** Supplied information follows **
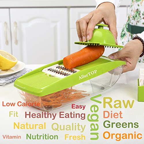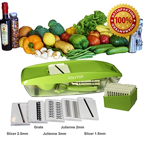 FOOD PREPARATION MADE EASY --- AllerTOP's 5 in 1 Mandoline Slicer is designed to cut and slice vegetables, fruits, cheeses, ham and sausages with minimal effort. All 5 interchangeable blades are made with the highest quality stainless steel. They are sharp, durable and will never rust.
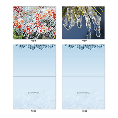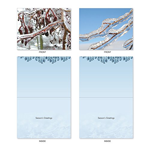 The upside of an ice storm is the fleeting, but dangerous, beauty left behind. Send along your Season's Greetings with these Christmas Note Cards showing these breathtaking images of nature encased in ice. The wintery images are perfect for best wishes at Kwanzaa, Hanukkah or the New Year as well as Christmas. These notecards look great framed, too! Try framing them individually, or grouping several in a collage frame, to create visually appealing wall decor.
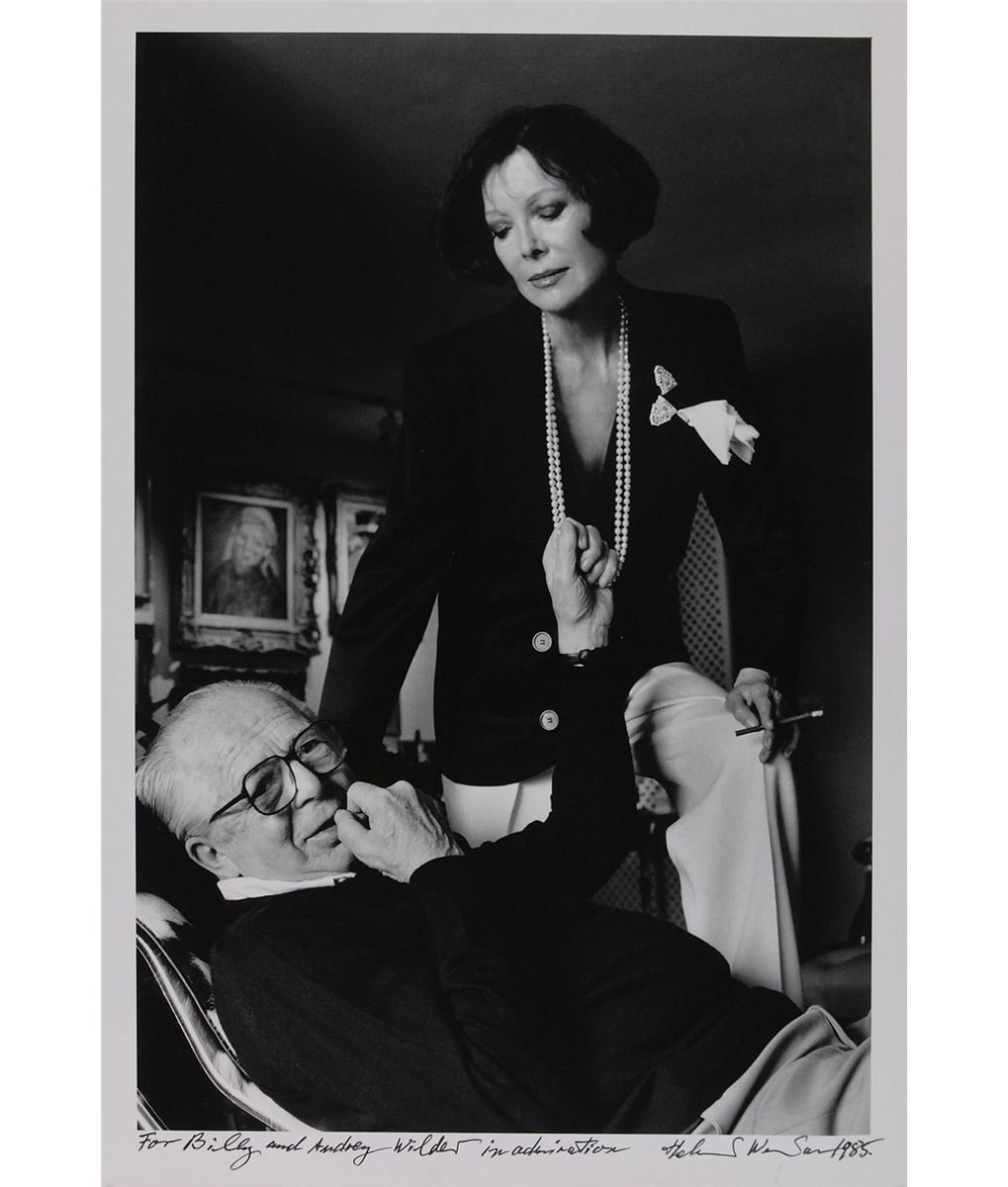 Semi-glossy 11 x 15.75 portrait of director Billy Wilder and his wife taken by Newton, signed and inscribed to the couple in the lower border in black ink, “For Billy and Audrey Wilder, in admiration, Helmut Newton, 1985.” Affixed to a same-size mount. In fine condition.
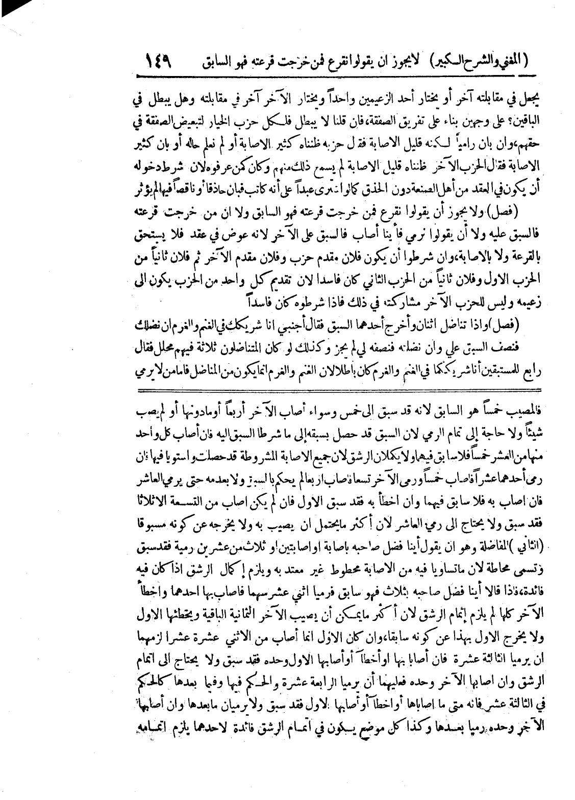 فالمصيب خمساً هو السابق لأنه قد سبق إلى خمس وسواء أصاب الآخر أربعاً أو ما دونها أو لم يصب شيئاً ولا حاجة إلى تمام الرمي لأن السبق قد حصل بسبقه إلى ما شرطا السبق إليه فإن أصاب كل واحد منها من العشر خمساً فلا سابق فيهما ولا يكملان الرشق لأن جميع الإصابة المشروطة قد حصلت واستويا فيها فإن رمى أحدهما عشراً فأصاب خمساً ورمى الآخر تسعاً فأصاب أربعاً لم يحكم بالسبق ولا بعدمه حتى يرمي العاشر فإن أصاب به فلا سابق فيهما وإن أخطأ به فقد سبق الأول فإن لم يكن أصاب من التسعة إلا ثلاثا فقد سبق ولا يحتاج إلى رمي العاشر لأن أكثر ما يحتمل أن يصيب به ولا يخرجه عن كونه مسبوقاً (الثاني) المفاضلة وهو أن يقول أينا فضل صاحبه بإصابة أو إصابتين أو ثلاث من عشرين رمية فقد سبق وتسمى محاطة لأن ما تساويا فيه من الإصابة محطوط غير معتد به ويلزم إكمال الرشق إذا كان فيه فائدة، فإذا قالا أينا فضل صاحبه بثلاث فهو سابق فرميا اثني عشر سهما فأصاب بها أحدهما وأخطأ
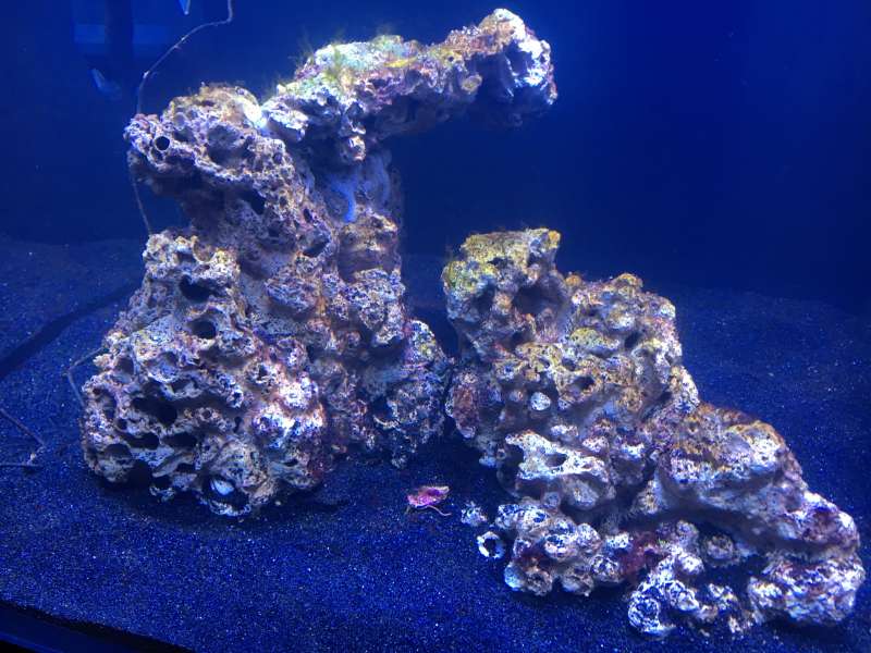 Akvariet er startet op på døde sten, som er limet til ønsket opsætning, frisk saltvand, et par rå rejer og et par LS fra mit kørende akvarie.
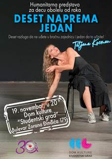 U petak, 19. novembra sa početkom u 20 časova na Velikoj sceni Doma kulture Studentski grad biće odigrana humanitarna predstava Deset naprema jedan za decu obolelu od raka u organizaciji Udruženja Uvek sa decom.
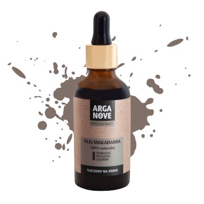 Olej z orzechów makadamia Arganove nie zawiera sztucznych barwników, konserwantów ani perfum. Po otwarciu należy przechowywać w lodówce. Szklana butelka zakończona jest pipetą, która ułatwia aplikację produktu.
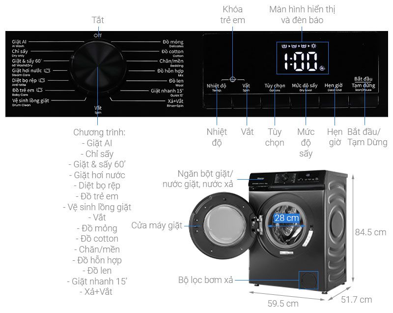 - Chương trình giặt & sấy nhanh 60 phút: Làm sạch và sấy khô tiện lợi trong ngày.
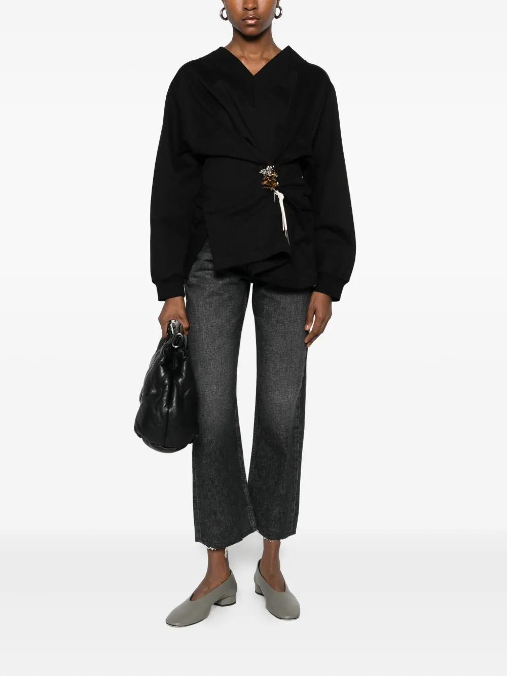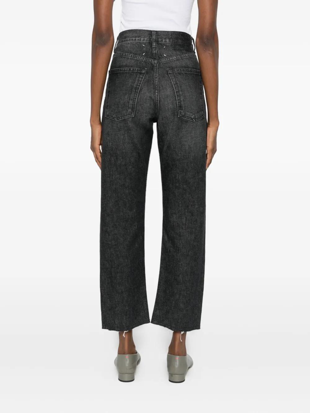 grey front button and zip fastening classic five pockets frayed hem rear logo patch
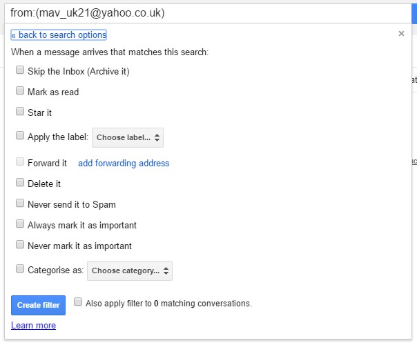 然后输入邮箱地址在发件人文本框中阻止。您也可以在那里输入多个地址,用 | 分隔它们。竖条。例如,您可以在“发件人”文本框中输入两个电子邮件地址作为“news-googleplay@google.com|mav_uk29@yahoo.co.uk”。
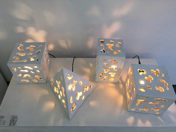 另一件作品刘玲同学的《斑》。四个形状不同的箱子,借助箱子里的灯光在外面投下了点点斑驳。同学们用他们四年学习到的知识完成了完美的毕业作品。
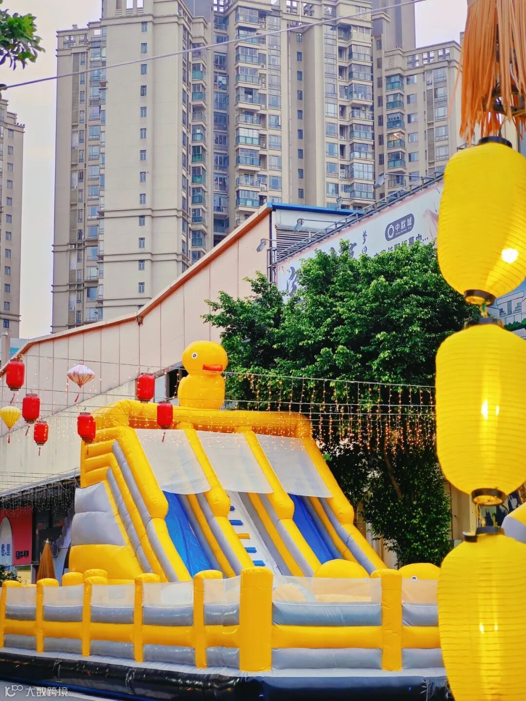 明黄色的巨大鸭鸭城堡~
** End of Supplied information **
- Work request: Once the pictures are dropped, repeat the data above exactly.

- Exercise answer:
 FOOD PREPARATION MADE EASY --- AllerTOP's 5 in 1 Mandoline Slicer is designed to cut and slice vegetables, fruits, cheeses, ham and sausages with minimal effort. All 5 interchangeable blades are made with the highest quality stainless steel. They are sharp, durable and will never rust.
 The upside of an ice storm is the fleeting, but dangerous, beauty left behind. Send along your Season's Greetings with these Christmas Note Cards showing these breathtaking images of nature encased in ice. The wintery images are perfect for best wishes at Kwanzaa, Hanukkah or the New Year as well as Christmas. These notecards look great framed, too! Try framing them individually, or grouping several in a collage frame, to create visually appealing wall decor.
 Semi-glossy 11 x 15.75 portrait of director Billy Wilder and his wife taken by Newton, signed and inscribed to the couple in the lower border in black ink, “For Billy and Audrey Wilder, in admiration, Helmut Newton, 1985.” Affixed to a same-size mount. In fine condition.
 فالمصيب خمساً هو السابق لأنه قد سبق إلى خمس وسواء أصاب الآخر أربعاً أو ما دونها أو لم يصب شيئاً ولا حاجة إلى تمام الرمي لأن السبق قد حصل بسبقه إلى ما شرطا السبق إليه فإن أصاب كل واحد منها من العشر خمساً فلا سابق فيهما ولا يكملان الرشق لأن جميع الإصابة المشروطة قد حصلت واستويا فيها فإن رمى أحدهما عشراً فأصاب خمساً ورمى الآخر تسعاً فأصاب أربعاً لم يحكم بالسبق ولا بعدمه حتى يرمي العاشر فإن أصاب به فلا سابق فيهما وإن أخطأ به فقد سبق الأول فإن لم يكن أصاب من التسعة إلا ثلاثا فقد سبق ولا يحتاج إلى رمي العاشر لأن أكثر ما يحتمل أن يصيب به ولا يخرجه عن كونه مسبوقاً (الثاني) المفاضلة وهو أن يقول أينا فضل صاحبه بإصابة أو إصابتين أو ثلاث من عشرين رمية فقد سبق وتسمى محاطة لأن ما تساويا فيه من الإصابة محطوط غير معتد به ويلزم إكمال الرشق إذا كان فيه فائدة، فإذا قالا أينا فضل صاحبه بثلاث فهو سابق فرميا اثني عشر سهما فأصاب بها أحدهما وأخطأ
 Akvariet er startet op på døde sten, som er limet til ønsket opsætning, frisk saltvand, et par rå rejer og et par LS fra mit kørende akvarie.
 U petak, 19. novembra sa početkom u 20 časova na Velikoj sceni Doma kulture Studentski grad biće odigrana humanitarna predstava Deset naprema jedan za decu obolelu od raka u organizaciji Udruženja Uvek sa decom.
 Olej z orzechów makadamia Arganove nie zawiera sztucznych barwników, konserwantów ani perfum. Po otwarciu należy przechowywać w lodówce. Szklana butelka zakończona jest pipetą, która ułatwia aplikację produktu.
 - Chương trình giặt & sấy nhanh 60 phút: Làm sạch và sấy khô tiện lợi trong ngày.
 grey front button and zip fastening classic five pockets frayed hem rear logo patch
 然后输入邮箱地址在发件人文本框中阻止。您也可以在那里输入多个地址,用 | 分隔它们。竖条。例如,您可以在“发件人”文本框中输入两个电子邮件地址作为“news-googleplay@google.com|mav_uk29@yahoo.co.uk”。
 另一件作品刘玲同学的《斑》。四个形状不同的箱子,借助箱子里的灯光在外面投下了点点斑驳。同学们用他们四年学习到的知识完成了完美的毕业作品。
 明黄色的巨大鸭鸭城堡~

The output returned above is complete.